Çoğu zaman her birimizin hayatını bir araba yolculuğuna benzetiyorum. Her birimizin arabası farklı, bazılarımızın arabasında direksiyon bizdedir yani hayatımızın kontrolü.Yolun başı ve sonu bellidir fakat hangi yollardan , nasıl gideceğimizi biz belirleriz. Bazılarımızda direksiyonu başkalarına vermişizdir onlar belirler hayatımızı. Aslında yolun en başında direksiyon tabiki belli bir yaşa kadar ebeveynlerin kontrolündedir. Fakat belirli bir yaşa geldikten sonra direksiyona kendimiz geçmeliyiz. Eğer bunu yapamıyorsak , rahata alışmış ve konfor alanından çıkamıyorsak hayatımızın kontrolünü  ebeveynlerin yerine bazen eş, bazen arkadaş bazende elalem denen meşhur kitleye veririz.
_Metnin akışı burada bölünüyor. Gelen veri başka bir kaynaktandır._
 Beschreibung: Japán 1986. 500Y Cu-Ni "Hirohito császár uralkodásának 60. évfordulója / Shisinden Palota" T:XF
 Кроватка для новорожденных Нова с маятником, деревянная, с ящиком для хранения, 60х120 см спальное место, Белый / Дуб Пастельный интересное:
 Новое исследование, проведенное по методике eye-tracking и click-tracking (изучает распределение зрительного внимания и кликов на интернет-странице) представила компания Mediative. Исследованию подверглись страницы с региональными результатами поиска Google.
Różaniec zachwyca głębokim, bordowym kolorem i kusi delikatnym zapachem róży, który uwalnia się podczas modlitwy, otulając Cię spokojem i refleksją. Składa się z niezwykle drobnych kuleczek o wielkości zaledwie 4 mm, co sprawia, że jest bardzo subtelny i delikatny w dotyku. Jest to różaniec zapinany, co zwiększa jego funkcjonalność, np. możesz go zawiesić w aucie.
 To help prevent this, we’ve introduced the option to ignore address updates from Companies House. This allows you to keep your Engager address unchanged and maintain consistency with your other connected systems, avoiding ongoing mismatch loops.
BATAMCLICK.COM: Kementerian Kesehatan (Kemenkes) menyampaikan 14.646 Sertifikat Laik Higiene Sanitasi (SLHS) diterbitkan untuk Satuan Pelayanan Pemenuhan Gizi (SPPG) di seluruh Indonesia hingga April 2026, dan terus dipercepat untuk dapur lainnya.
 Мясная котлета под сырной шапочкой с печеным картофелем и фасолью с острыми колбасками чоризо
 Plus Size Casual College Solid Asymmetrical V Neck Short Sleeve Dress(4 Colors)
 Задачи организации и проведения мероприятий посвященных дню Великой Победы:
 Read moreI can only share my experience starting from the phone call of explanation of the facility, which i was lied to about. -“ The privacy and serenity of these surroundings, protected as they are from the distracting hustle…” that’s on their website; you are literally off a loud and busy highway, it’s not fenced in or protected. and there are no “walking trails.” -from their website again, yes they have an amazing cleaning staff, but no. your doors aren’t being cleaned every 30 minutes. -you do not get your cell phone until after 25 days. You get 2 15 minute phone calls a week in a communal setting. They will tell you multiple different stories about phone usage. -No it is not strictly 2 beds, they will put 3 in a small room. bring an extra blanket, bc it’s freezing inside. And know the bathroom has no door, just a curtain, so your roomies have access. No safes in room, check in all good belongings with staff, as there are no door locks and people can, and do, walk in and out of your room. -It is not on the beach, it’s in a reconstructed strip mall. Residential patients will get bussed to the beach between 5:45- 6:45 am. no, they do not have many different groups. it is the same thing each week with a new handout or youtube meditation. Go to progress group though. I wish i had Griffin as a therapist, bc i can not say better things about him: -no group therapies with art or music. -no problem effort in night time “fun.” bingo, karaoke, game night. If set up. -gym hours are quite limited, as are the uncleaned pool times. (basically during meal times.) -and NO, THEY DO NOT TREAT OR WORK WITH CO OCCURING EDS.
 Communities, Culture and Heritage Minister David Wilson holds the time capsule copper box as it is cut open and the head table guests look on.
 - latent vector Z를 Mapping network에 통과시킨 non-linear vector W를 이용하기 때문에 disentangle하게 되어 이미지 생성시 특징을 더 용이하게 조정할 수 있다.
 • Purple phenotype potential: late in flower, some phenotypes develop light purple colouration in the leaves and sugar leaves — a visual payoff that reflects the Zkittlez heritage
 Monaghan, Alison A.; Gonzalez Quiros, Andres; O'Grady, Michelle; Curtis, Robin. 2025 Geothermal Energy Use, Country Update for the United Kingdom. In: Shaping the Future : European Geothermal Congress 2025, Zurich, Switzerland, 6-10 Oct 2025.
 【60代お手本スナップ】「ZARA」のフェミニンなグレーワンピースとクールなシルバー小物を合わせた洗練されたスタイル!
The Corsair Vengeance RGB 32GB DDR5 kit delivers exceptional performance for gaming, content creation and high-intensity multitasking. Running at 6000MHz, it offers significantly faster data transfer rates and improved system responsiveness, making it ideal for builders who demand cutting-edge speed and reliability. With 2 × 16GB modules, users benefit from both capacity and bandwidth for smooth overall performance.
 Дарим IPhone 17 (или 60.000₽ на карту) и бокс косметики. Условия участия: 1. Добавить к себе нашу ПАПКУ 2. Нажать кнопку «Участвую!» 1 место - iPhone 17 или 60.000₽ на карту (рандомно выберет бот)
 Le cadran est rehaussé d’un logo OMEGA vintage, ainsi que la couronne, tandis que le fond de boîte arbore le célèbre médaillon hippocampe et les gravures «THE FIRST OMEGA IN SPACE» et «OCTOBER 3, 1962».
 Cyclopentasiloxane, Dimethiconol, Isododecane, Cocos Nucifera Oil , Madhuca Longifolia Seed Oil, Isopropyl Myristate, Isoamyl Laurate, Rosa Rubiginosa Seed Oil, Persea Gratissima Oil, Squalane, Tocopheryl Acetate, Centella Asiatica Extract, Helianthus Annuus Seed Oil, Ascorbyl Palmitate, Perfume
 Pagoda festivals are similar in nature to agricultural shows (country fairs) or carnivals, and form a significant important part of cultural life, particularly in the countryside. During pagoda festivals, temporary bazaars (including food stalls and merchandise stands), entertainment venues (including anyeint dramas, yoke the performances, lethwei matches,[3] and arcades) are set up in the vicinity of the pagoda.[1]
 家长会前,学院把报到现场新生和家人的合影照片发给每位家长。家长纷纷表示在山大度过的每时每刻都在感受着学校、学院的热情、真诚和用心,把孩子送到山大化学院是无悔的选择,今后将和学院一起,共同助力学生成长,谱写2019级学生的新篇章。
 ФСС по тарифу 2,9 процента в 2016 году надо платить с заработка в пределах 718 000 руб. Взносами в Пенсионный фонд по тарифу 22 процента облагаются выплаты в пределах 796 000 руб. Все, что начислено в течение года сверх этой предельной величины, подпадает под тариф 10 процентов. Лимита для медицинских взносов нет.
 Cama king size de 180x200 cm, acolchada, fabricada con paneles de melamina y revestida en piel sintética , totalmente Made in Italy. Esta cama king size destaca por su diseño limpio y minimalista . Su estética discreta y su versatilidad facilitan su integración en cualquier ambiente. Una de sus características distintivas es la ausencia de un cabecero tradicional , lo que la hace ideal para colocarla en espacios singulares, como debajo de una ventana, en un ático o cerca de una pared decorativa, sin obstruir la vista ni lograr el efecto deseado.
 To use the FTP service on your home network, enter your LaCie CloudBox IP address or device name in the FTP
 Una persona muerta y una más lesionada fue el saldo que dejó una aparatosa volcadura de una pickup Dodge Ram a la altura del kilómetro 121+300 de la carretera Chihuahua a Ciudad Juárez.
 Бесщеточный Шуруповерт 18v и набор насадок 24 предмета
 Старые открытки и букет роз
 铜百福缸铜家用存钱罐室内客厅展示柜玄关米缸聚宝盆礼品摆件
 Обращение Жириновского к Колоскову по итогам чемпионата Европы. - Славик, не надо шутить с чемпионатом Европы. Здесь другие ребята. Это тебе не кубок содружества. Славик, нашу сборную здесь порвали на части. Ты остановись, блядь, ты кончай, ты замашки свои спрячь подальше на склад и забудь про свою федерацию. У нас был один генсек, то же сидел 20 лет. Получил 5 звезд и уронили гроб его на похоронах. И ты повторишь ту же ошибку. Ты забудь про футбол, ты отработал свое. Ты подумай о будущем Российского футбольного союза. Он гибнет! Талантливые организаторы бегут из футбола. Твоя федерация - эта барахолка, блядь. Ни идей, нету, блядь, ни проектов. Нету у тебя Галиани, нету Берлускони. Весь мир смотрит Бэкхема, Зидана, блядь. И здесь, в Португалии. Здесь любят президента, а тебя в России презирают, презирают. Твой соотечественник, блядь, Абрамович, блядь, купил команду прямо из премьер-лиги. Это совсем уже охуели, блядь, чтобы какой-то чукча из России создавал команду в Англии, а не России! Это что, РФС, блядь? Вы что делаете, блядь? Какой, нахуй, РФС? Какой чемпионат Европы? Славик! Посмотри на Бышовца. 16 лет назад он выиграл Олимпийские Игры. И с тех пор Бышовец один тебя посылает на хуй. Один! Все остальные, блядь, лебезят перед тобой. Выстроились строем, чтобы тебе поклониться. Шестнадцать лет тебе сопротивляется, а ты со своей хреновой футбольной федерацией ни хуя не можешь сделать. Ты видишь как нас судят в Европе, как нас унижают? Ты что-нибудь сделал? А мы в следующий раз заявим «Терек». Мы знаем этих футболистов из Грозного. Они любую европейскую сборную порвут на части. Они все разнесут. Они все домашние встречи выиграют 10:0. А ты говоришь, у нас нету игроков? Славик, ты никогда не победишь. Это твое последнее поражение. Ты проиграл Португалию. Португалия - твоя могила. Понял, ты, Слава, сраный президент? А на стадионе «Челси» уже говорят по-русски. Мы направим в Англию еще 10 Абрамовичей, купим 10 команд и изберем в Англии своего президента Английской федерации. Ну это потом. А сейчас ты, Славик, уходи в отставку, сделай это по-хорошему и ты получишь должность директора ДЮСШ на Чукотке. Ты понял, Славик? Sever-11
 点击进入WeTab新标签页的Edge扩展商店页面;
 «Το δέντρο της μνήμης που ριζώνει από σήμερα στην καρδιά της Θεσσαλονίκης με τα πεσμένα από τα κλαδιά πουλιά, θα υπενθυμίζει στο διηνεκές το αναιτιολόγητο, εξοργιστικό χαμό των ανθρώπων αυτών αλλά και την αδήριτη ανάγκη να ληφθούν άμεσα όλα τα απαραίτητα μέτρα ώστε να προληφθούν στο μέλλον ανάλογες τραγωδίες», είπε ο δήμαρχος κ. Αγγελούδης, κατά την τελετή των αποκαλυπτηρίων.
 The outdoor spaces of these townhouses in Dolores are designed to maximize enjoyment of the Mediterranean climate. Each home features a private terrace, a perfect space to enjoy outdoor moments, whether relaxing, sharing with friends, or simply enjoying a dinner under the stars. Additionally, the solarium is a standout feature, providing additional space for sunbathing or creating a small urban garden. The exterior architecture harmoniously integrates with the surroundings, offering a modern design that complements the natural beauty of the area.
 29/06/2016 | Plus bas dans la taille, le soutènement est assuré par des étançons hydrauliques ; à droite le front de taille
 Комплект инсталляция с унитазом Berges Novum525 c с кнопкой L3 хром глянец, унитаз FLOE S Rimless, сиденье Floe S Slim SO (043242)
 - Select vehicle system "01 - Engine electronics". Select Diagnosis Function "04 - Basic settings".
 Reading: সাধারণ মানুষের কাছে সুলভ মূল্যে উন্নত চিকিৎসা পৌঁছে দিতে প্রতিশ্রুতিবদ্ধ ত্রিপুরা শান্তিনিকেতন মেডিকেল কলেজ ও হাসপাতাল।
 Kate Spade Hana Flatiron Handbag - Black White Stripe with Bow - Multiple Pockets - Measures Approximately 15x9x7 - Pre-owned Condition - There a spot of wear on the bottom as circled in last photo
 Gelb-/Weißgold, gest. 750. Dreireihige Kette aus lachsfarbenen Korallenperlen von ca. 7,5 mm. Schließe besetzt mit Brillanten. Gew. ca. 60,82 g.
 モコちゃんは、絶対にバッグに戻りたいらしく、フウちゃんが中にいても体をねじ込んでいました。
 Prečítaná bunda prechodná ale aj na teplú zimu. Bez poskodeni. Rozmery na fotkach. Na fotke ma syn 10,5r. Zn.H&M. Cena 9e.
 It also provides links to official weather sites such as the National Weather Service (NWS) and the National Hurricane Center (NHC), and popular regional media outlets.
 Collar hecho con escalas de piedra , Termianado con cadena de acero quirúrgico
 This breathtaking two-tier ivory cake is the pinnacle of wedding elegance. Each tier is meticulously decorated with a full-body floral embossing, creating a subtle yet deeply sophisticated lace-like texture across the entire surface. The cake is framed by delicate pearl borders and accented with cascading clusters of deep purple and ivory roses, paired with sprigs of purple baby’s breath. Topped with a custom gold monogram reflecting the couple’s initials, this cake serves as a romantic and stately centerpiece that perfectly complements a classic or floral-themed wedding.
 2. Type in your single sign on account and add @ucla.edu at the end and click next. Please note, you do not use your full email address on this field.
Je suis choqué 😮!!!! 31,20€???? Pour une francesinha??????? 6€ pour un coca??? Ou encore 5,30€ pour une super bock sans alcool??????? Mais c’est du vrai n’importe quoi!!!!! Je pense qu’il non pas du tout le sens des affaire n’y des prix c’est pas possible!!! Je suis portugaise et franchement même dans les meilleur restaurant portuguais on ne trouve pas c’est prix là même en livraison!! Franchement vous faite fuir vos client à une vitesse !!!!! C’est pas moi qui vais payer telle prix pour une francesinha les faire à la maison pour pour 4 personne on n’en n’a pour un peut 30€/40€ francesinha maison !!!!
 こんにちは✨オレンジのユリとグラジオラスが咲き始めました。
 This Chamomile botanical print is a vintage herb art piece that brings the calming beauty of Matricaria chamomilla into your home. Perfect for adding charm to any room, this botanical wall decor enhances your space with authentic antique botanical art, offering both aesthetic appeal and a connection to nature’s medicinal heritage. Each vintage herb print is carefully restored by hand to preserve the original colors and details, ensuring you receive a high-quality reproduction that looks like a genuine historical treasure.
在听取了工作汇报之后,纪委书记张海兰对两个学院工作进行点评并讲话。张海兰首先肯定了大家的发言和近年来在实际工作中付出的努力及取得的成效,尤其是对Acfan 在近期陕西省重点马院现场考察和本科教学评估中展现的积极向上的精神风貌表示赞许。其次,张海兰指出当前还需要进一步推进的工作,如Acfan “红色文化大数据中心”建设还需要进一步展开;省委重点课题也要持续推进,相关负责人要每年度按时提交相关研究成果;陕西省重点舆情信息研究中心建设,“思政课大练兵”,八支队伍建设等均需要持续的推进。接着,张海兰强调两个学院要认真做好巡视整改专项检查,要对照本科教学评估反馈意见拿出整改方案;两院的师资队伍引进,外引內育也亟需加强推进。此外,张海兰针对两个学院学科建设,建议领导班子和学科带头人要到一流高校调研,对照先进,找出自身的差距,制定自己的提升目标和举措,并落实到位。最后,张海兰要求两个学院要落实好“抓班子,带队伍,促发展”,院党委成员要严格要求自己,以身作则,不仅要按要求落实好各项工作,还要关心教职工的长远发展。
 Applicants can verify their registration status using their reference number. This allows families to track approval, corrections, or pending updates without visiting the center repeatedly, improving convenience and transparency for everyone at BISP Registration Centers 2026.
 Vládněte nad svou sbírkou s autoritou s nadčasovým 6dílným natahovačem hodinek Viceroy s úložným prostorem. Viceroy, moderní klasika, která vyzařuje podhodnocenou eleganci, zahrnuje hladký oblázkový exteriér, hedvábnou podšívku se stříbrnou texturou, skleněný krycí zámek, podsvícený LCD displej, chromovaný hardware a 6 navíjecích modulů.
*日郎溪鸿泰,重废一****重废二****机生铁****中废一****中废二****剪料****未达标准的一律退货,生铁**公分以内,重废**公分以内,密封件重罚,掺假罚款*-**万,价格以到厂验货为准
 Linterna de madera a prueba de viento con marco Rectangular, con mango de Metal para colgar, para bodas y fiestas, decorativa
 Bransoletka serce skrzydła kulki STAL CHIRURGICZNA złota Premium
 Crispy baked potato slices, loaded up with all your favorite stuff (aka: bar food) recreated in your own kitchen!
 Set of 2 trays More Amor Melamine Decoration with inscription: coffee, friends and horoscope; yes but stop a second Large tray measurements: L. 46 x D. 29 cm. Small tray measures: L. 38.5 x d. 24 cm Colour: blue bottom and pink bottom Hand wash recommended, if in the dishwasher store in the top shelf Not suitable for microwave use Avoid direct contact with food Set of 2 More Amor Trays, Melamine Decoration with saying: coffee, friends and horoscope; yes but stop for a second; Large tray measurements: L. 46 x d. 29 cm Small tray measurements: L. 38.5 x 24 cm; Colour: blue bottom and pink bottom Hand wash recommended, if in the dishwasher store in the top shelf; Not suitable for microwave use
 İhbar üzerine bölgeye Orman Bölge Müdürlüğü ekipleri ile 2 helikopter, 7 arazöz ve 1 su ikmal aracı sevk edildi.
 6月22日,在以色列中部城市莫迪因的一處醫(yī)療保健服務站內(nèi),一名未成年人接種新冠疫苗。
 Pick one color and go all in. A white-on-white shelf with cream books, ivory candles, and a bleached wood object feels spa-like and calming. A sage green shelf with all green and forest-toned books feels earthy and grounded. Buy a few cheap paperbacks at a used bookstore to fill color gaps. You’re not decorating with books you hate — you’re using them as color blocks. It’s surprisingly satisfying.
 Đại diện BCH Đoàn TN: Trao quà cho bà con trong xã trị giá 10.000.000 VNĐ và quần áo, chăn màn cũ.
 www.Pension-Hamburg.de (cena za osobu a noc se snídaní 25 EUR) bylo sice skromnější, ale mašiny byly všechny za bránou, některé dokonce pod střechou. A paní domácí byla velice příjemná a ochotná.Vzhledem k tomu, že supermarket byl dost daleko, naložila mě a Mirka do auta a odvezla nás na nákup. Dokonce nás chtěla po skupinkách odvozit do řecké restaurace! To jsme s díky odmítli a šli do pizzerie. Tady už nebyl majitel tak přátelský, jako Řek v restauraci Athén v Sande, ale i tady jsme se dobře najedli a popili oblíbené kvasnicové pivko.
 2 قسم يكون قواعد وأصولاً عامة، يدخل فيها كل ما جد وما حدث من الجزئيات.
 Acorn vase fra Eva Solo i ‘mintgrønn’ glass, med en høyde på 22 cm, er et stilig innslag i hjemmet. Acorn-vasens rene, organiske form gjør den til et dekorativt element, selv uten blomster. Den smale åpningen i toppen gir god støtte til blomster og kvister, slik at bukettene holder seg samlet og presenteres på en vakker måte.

Direksiyonda onlar vardır ve hayatımızda ne yöne gideceğimizi onlar belirler. Bu sorumluluk almaktan uzak, hiç yaşamamaktır . Direksiyonu ele aldığımız ilk zamanlarda küçük veya büyük kazalar yapabiliriz, yanlış yollara girebiliriz hayat yolunda. Hiçbirimiz mükemmel değiliz, hata yapabiliriz, Önemli olan hatalarımızdan ders alıp yola devam etmek rotayı yeniden düzenlemektir. Zaman zaman keskin dönemeçler veya engeller olur hayatta zorlanabiliriz. Tüm bu zorluklar bizi ustalaştırır, daha güçlü kılar hayatta.  
Hayat yolculuğunda yorulduğumuz zamanlarda olur. Hemen kenara çekip dinlenmek lazım. Hayatta da böyledir. Arada bir içe dönmek , dinlenmek gerekir.
Tüm bu yolculuk boyunca bir çok yol arkadaşımız olur. Kimi ilk durakta iner kimi sonraki  duraklarda. Yol arkadaşlarımızdan bazıları  yolda olduğumuz sürede destekler bizi, bazıları ise zorlar. Hiçbiri yolun sonuna kadar arabada kalmaz. Hepsi hayatımızdaki görevlerini yerine getirir ve inmeleri gereken durakta inerler. Yolun en sonunda tek başımıza kalırız. Varış noktasında tüm hayat yolculuğunu nasıl geçirdiğimize dair hesap veririz. Mühim olan doğru yolda dosdoğru gidebilmektir.